**Supplied entries**
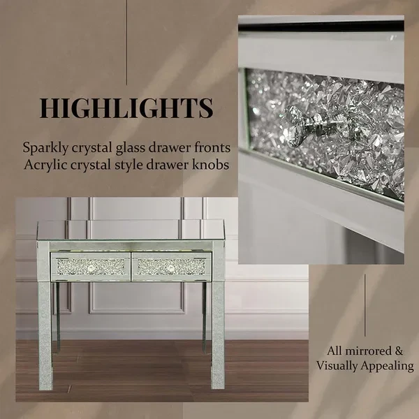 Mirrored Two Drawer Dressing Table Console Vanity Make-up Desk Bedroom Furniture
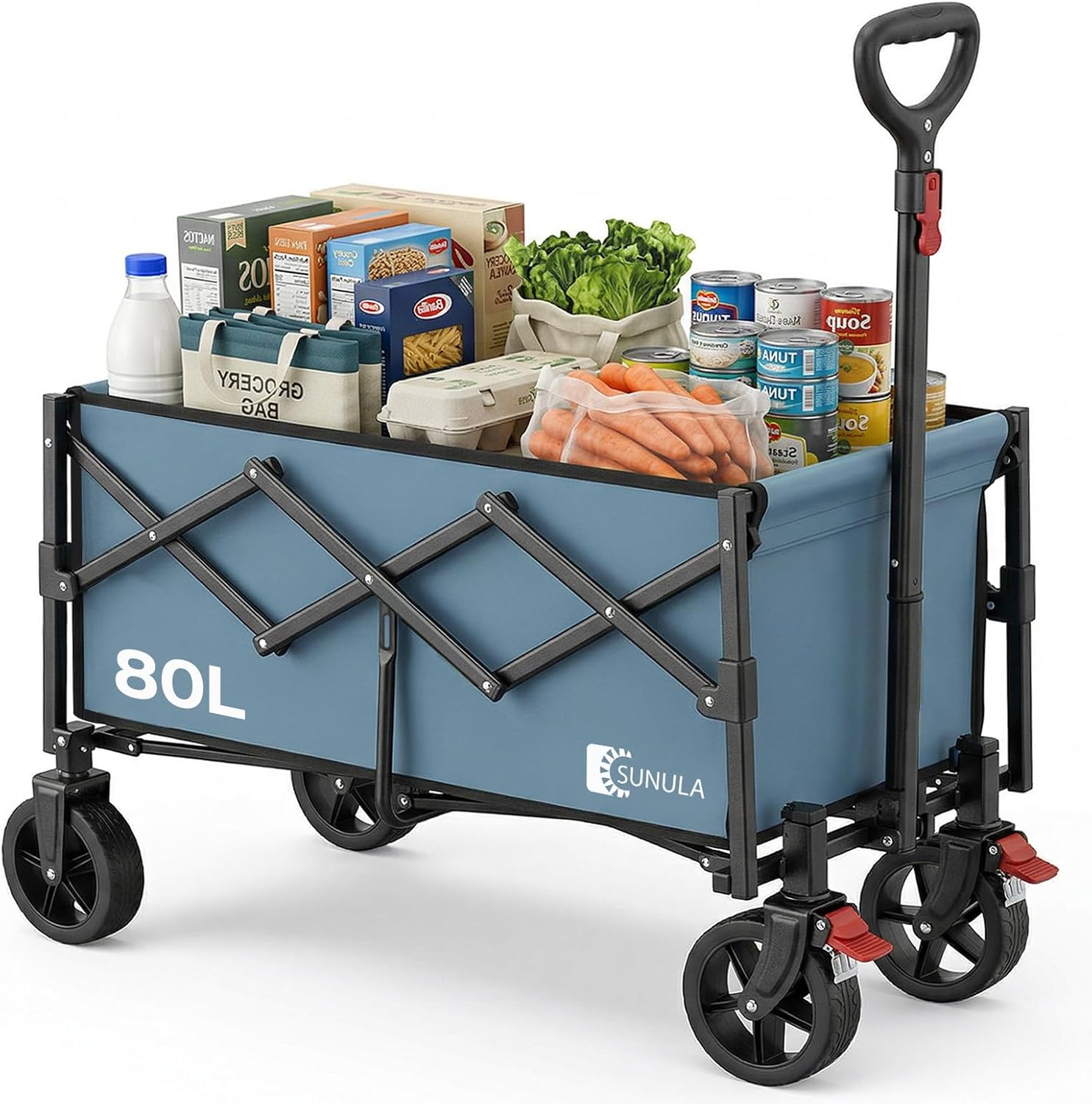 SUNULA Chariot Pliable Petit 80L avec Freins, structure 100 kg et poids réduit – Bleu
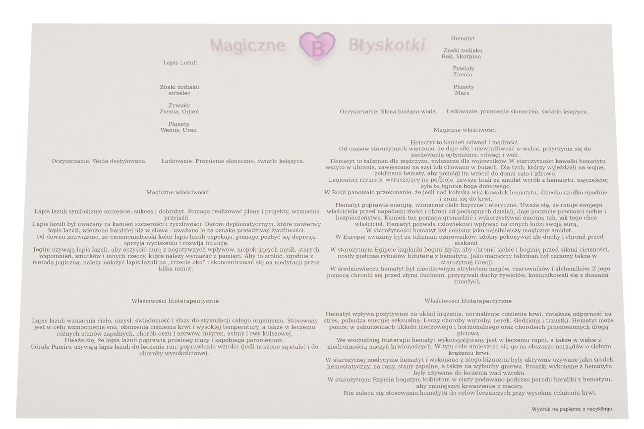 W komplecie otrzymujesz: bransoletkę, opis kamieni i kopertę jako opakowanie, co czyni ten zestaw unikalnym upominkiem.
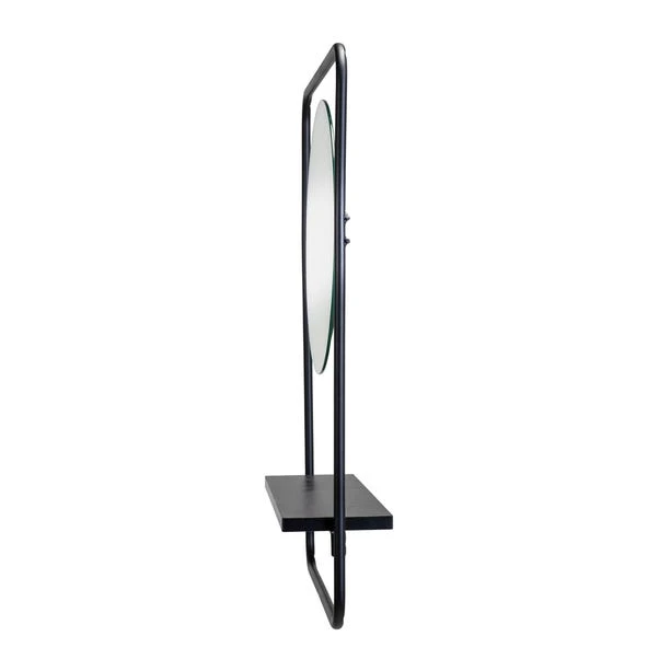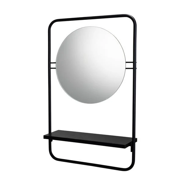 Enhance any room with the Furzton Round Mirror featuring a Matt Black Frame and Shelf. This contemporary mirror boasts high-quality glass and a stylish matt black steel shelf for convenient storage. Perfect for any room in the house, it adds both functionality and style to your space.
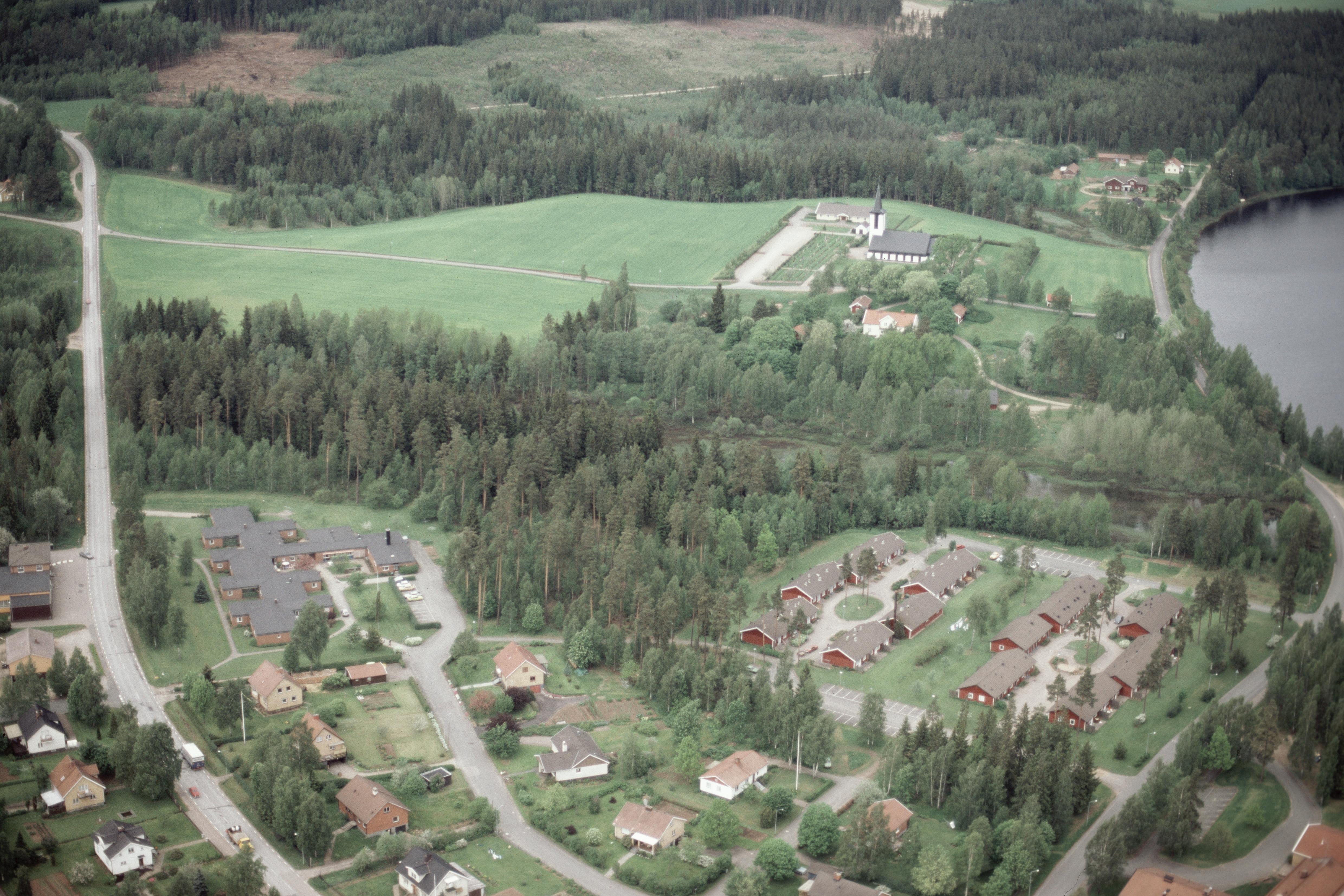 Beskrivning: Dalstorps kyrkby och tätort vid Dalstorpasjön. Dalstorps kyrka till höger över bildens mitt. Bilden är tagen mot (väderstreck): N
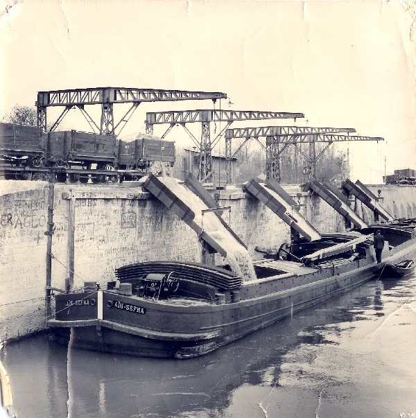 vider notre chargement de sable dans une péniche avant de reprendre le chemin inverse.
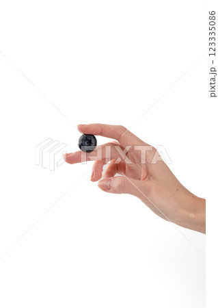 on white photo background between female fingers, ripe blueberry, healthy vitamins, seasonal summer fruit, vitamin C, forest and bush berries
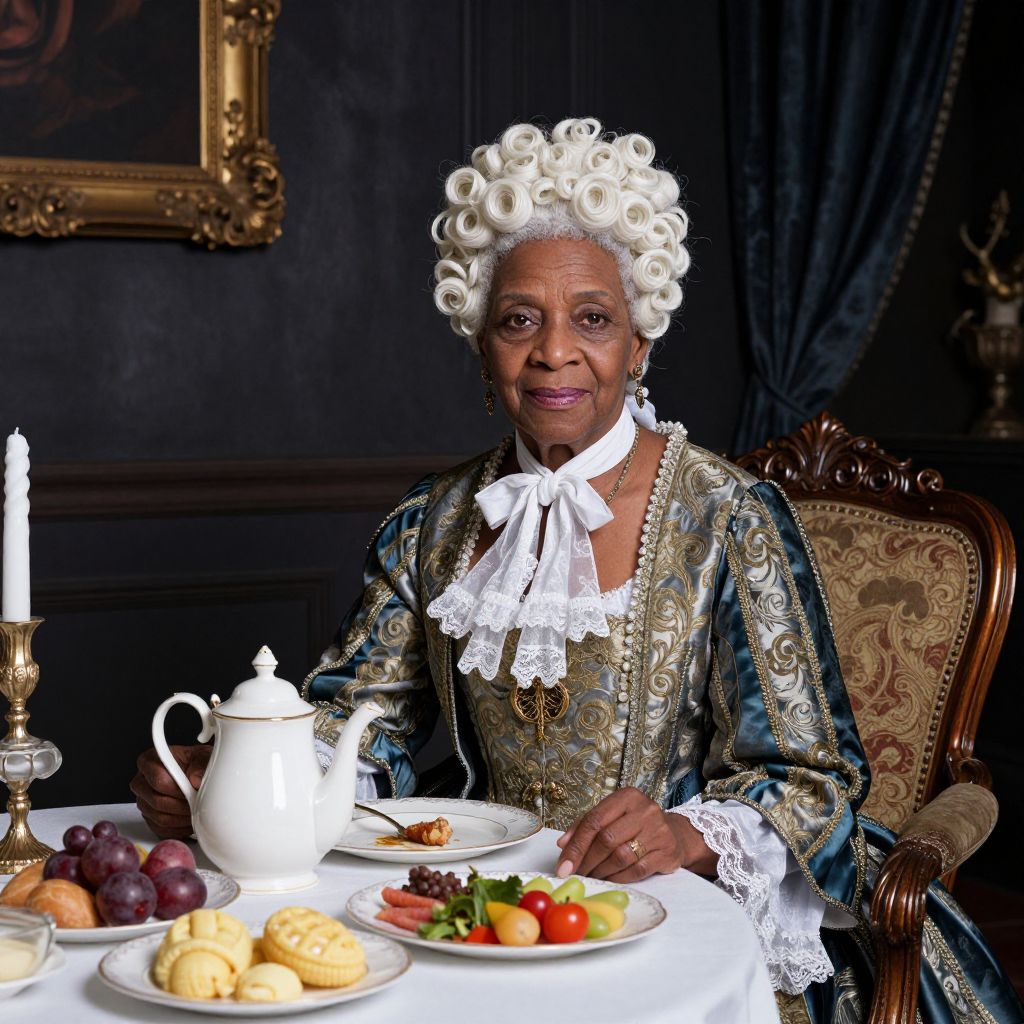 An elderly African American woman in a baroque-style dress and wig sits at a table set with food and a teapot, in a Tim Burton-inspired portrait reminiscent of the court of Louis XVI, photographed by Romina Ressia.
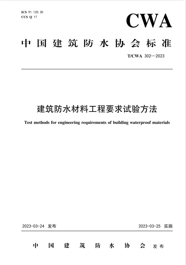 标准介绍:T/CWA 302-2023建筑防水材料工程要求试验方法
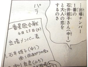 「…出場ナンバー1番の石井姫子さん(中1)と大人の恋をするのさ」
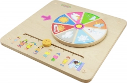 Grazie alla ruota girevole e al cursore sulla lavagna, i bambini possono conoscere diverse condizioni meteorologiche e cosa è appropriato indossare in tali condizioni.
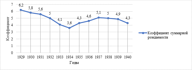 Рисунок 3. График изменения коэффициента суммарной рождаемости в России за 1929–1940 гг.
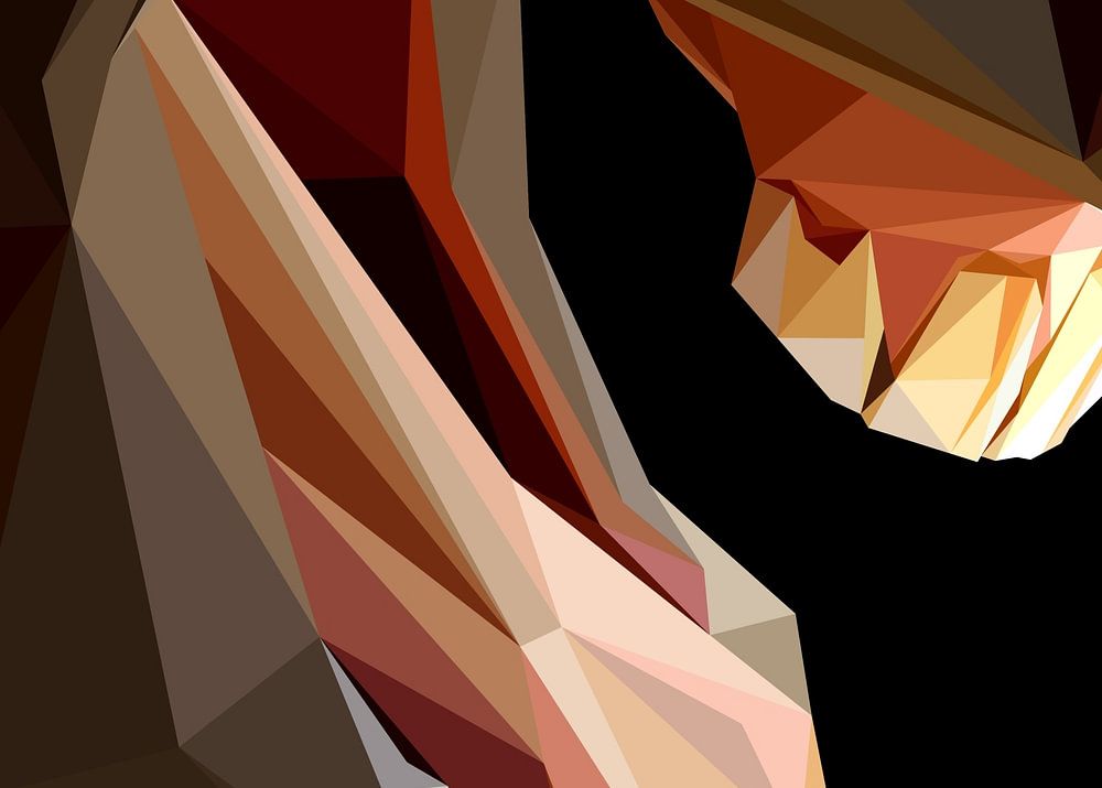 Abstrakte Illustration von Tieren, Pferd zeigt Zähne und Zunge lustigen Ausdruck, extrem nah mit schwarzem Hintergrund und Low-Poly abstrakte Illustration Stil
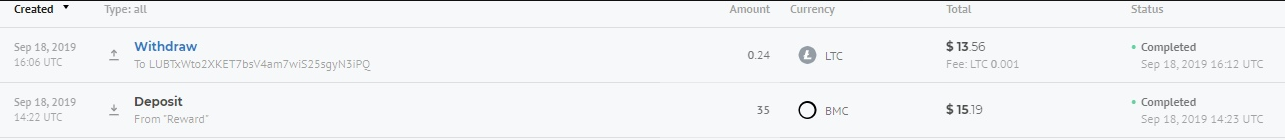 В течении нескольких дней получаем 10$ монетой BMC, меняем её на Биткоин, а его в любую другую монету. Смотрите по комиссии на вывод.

**How to complete this task**
Set down exactly the lines of the entries above from the one holding "Grazie alla ruota" through the last one, including both, with the pictures left out.

**Answer section**
 Grazie alla ruota girevole e al cursore sulla lavagna, i bambini possono conoscere diverse condizioni meteorologiche e cosa è appropriato indossare in tali condizioni.
 Рисунок 3. График изменения коэффициента суммарной рождаемости в России за 1929–1940 гг.
 Abstrakte Illustration von Tieren, Pferd zeigt Zähne und Zunge lustigen Ausdruck, extrem nah mit schwarzem Hintergrund und Low-Poly abstrakte Illustration Stil
 В течении нескольких дней получаем 10$ монетой BMC, меняем её на Биткоин, а его в любую другую монету. Смотрите по комиссии на вывод.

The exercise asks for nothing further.